On Dec 5 2014, Malcolm Cohen wrote:

> Damian Rouson writes: <<< On a somewhat related note, Tom Clune suggested 
> a while back that there be a "virtuous" attribute that would preclude any 
> access to non-local state. From the standpoint of purely functional 
> programming, I think this would remove a wart that exists with PURE 
> procedures at least in terms of how many people would initially interpret 
> the meaning of PURE.
> Yes, I've seen this several times before (basically ever since PURE 
> showed up). There are a lot of times that PURE as currently defined is 
> sufficient for parallelism, but equally there are times when they are 
> insufficient - even for pure functions. An attribute like 
> WHITER_THAN_THE_DRIVEN_SNOW would not only improve performance in such 
> cases, they would also give the user a stronger guarantee that he was not 
> inadvertantly shooting himself in the foot.
> So far though I've not seen any reasonable spelling for such an attribute 
> (FUNCTIONAL is the best I've noticed so far, and is pretty bad).

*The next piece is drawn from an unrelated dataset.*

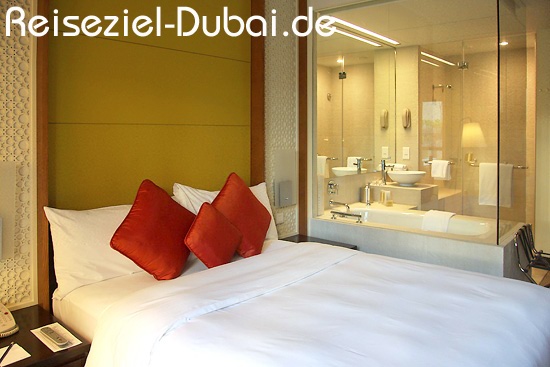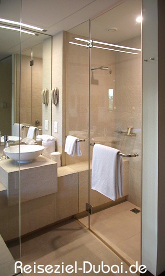 Deluxe Suiten Die „Deluxe Suiten“ befinden sich in Etagen drei, vier und fünf. Jede der „Deluxe Suiten“ hat eine eigene Eingangshalle, die in den großen und luxuriösen Wohnbereich führt, in dem sich ein Sofa, zwei Sessel und ein Groß-Bildschirm befinden. Vom Wohnbereich aus betritt der Gast das Schlafzimmer, mit einem King-Size-Doppelbett, Großbild-Fernseher und daneben ein separater Ankleideraum und das Badezimmer, das wie bereits beschrieben ausgestattet ist. In der dritten Etage verfügen die Suiten über eine 17x8-Meter-Terrasse mit Sicht auf den Pool, die mit Tisch und Stühlen aus Korbgeflecht bestückt ist - ideal für eine abendliche Privat-Party. Urlaub im „Qamardeen“ ist Urlaub für Gäste, die das lebendige Dubai hautnah erleben möchten und trotzdem auf einen Ruhepool nicht verzichten möchten. Nur zehn Kilometer von Flughafen und Strand entfernt findet der Urlauber im „Qamardeen“ alles, was er von einem Luxus-Hotel in Dubai erwartet.

And so 
> far I've not seen much enthusiasm for Yet Another Attribute with arguably 
> marginal benefits (in my estimation, PURE gets most of the benefits both 
> from the point of view of performance and safety).


In my estimation, PURE (and even INTENT(IN)) get the benefit only for
simple cases - while they are the vast majority, they are not the ones
which cause parallel programmers weeks or months of debugging and
occasional wrong answers no matter how much they debug their code.

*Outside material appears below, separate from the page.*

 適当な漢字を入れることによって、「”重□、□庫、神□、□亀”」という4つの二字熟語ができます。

However, I am not sure how feasible it would be to specify a 'truly
pure' property, starting from Fortran, even ignoring the fact that there
are several different and often-confused semantic concepts involved.
For example:

    A function is pure if it doesn't change any data, directly or

    Ditto, but only externally-visible data - this one allows pseudo-
random number generators.

    A function is pure if, when called with the same arguments, it
always has the same effect - e.g. not CLOCK.

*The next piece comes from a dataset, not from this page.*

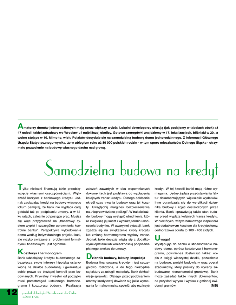A matorzy domów jednorodzinnych mają coraz większy wybór. Lokalni deweloperzy oferują (jak podajemy w tabelach obok) aż 47 osiedli takiej zabudowy we Wrocławiu i najbliższej okolicy. Gotowe szeregówki znajdziemy w 17. lokalizacjach, bliźniaki w 20., a wolno stojące w 10. Mimo to, wielu Polaków decyduje się na samodzielną budowę domu jednorodzinnego. Z informacji Głównego Urzędu Statystycznego wynika, że w ubiegłym roku aż 80 000 polskich rodzin - w tym sporo mieszkańców Dolnego Śląska - otrzymało pozwolenie na budowę własnego dachu nad głową. Samodzielna budowa na kredyt T ylko nieliczni finansują takie przedsięwzięcie własnymi oszczędnościami. Większość korzysta z bankowego kredytu. Jednak zaciągając kredyt na budowę własnego lokum pamiętaj, że bank nie wypłaca całej gotówki tuż po podpisaniu umowy, a w kilku ratach, zależnie od postępu prac. Musisz się więc przygotować na „transzowy system wypłat i szczególne uprawnienia kontrolne banku”. Perspektywa wybudowania domu według indywidualnego projektu kusi, ale ryzyko związane z problemami formalnymi i finansowymi jest ogromne. K osztorys i harmonogram Bank udzielający kredytu budowlanego zabezpiecza swoje interesy hipoteką ustanowioną na działce budowlanej i gwarantuje sobie prawo do bieżącej kontroli prac budowlanych. Prywatny inwestor od początku musi przestrzegać ustalonego harmonogramu i kosztorysu budowy. Realizacja 12 założeń zawartych w obu wspomnianych dokumentach jest podstawą do wypłacenia kolejnych transz kredytu. Dlatego dokładnie określ czas trwania budowy oraz jej koszty. Uwzględnij margines bezpieczeństwa na „nieprzewidziane poślizgi”. W trakcie każdej budowy mogą wystąpić utrudnienia, które zwiększą jej koszt i wydłużą termin ukończenia budynku. W awaryjnej sytuacji, bank zgadza się na zwiększenie kwoty kredytu lub zmianę harmonogramu wypłaty transz. Jednak takie decyzje wiążą się z dodatkowymi opłatami lub koniecznością podpisania płatnego aneksu do umowy. D ziennik budowy, faktury, inspekcja Budowa finansowana kredytem jest szczegółowo rozliczona, a do tego niezbędne są faktury za usługi i materiały. Bank dokładnie je sprawdzi. Dlatego przed podpisaniem umowy kredytowej dowiedz się jakie wymagania formalne musisz spełnić, aby rozliczyć kredyt. W tej kwestii banki mają różne wymagania. Jedne żądają przedstawiania faktur dokumentujących większość wydatków. Inne ograniczają się do weryfikacji dziennika budowy i zdjęć dostarczonych przez klienta. Banki sprawdzają także stan budowy przed wypłatą kolejnych transz kredytu. W niektórych, wizyta bankowego inspektora jest dodatkowym kosztem dla kredytobiorcy. Jednorazowa opłata to 100 - 400 złotych. U waga! Występując do banku o sfinansowanie budowy domu, oprócz kosztorysu i harmonogramu, powinieneś dostarczyć także: wypis z księgi wieczystej działki, pozwolenie na budowę, projekt budowlany oraz operat szacunkowy, który posłuży do wyceny zabudowanej nieruchomości gruntowej. Bank może zażądać także innych dokumentów, na przykład wyrysu i wypisu z gminnej ewidencji gruntów. (MB)

The last is NOT the most common one, but IS the one needed for aggressive
optimisation and parallelisation across statements.

Apparently the 'functional programming' people relaxed their definition
very considerably a decade or so back to make it possible to write
realistic programs in a purely functional language.  I have not kept
up with that area, so there may be other semantic definitions as well.